You're misrepresenting what's being offered here.
First of all, this is about best practice, for those who care. There's no panic. Some here don't believe sterility matters, unless it manifests as a lost ass cheek. Do whatever you're comfortable with.
But don't suggest to anyone, that it's "understood", with a wink and a nod, that this is a meaningless issue. After effectiveness, it's the next most important area of focus for peptide drug development, and the FDA.
The presence of anti-drug and neutralizing antibodies have no clinically meaningful effect on, for instance Tirz or HGH? Are you sure you don't mean they have no effect at the levels of antibodies that developed in the pharma trials, using the pharma protocol, with pharma formulations?
Or are you saying that regardless of how high the levels of those antibodies become, there still won't be an impact?
Because isn't that the point of the trials?

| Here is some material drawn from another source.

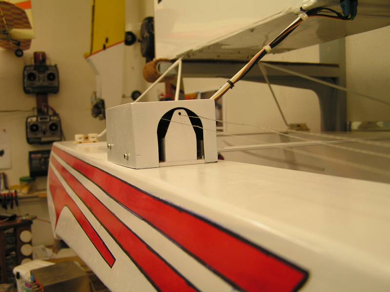 All that is SO much more work than rigging a proper set of cables, and with the servo in the float you'll have the servo wires looking like a scale set of heavy-duty jumper cables hanging out of the plane.

To demonstrate levels don't rise to the point they become an issue?
Isn't that why, if pharma proposes changing the dose, or the frequency, or change manufacturing techniques, or even the pen it's supplied in, they have to demonstrate all over again to the FDA that those antibodies don't go higher, where they might become "meaningful"?
That's how seriously this is taken.
And what makes them higher?
-Increased frequency of administration.
-Higher concentrations.
-Higher levels of aggregates.
-Impurities.
So are you going to confidently assert that because the trials, using the strict pharma protocol, don't cause an immunogenic issue, the low grade product we use, at whatever random concentration, reconstituted with Amazon or UGL sourced tap water and rubbing alcohol 'BAC', microdosed on a daily basis, isn't, perhaps, going to result in just a slightly stronger immune reaction and maybe just a few more antibodies?

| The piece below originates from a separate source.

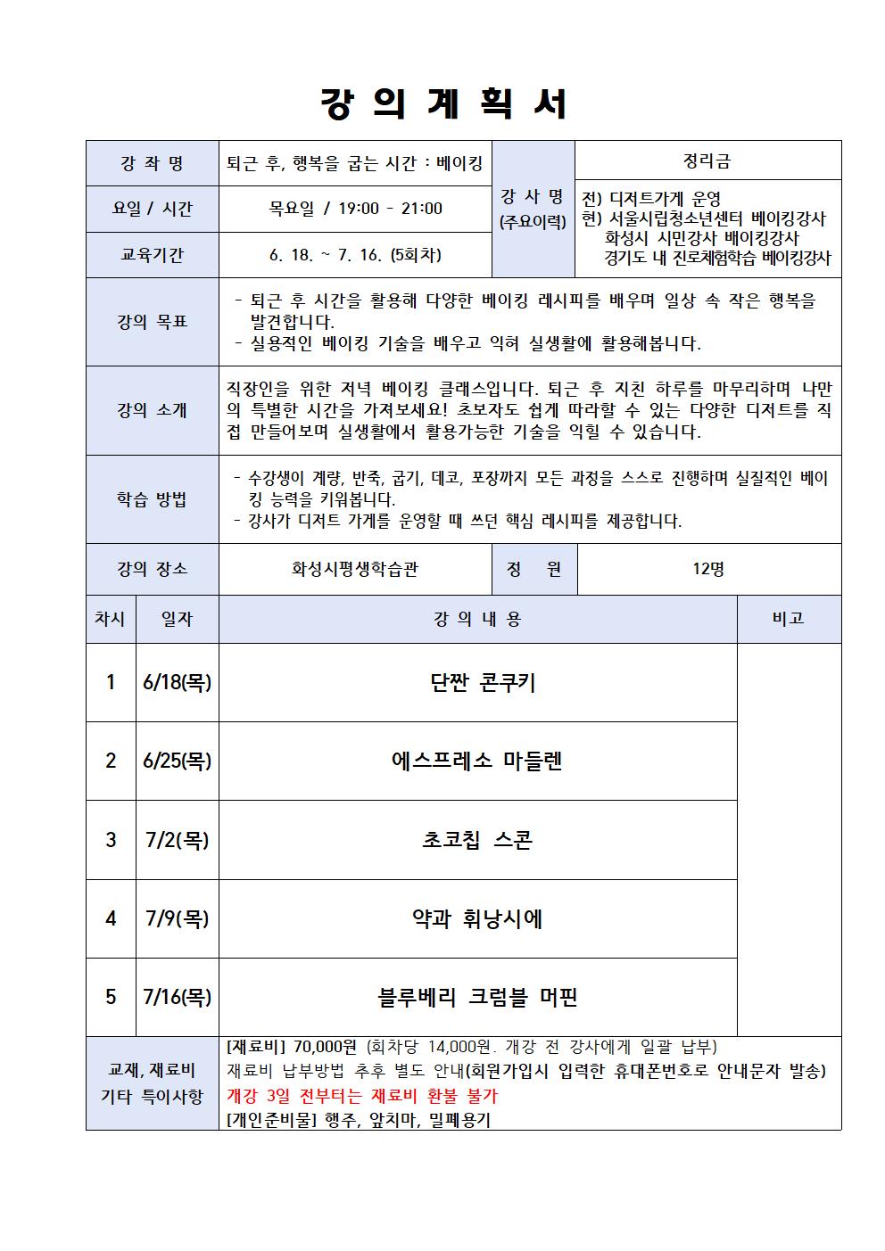 [직장인 달빛학교]퇴근 후, 행복을 굽는 시간: 베이킹(장소:동탄)

Because to me, we couldn't really design a better "worst case scenario" for immunogenicity than what's being widely practiced now,
How often does it seem some peptides just "don't work" or "stopped working" or induce very unpleasant or odd side effects?

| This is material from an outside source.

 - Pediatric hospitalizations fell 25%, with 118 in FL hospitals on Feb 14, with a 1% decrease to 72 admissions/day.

The sterility equivalent of our approach to immunogenicity would be dipping your vial in a clogged hospital toilet before wiping it off on a dog's ass, and I'm pretty sure even the knuckle draggers understand that's not a good idea.
Nobody even pays attention to how they dilute these compounds, are you going to argue that's fine, and only a "bubble boy" would suggest that low hanging fruit might be a good, easy target to start reducing a little potential harm?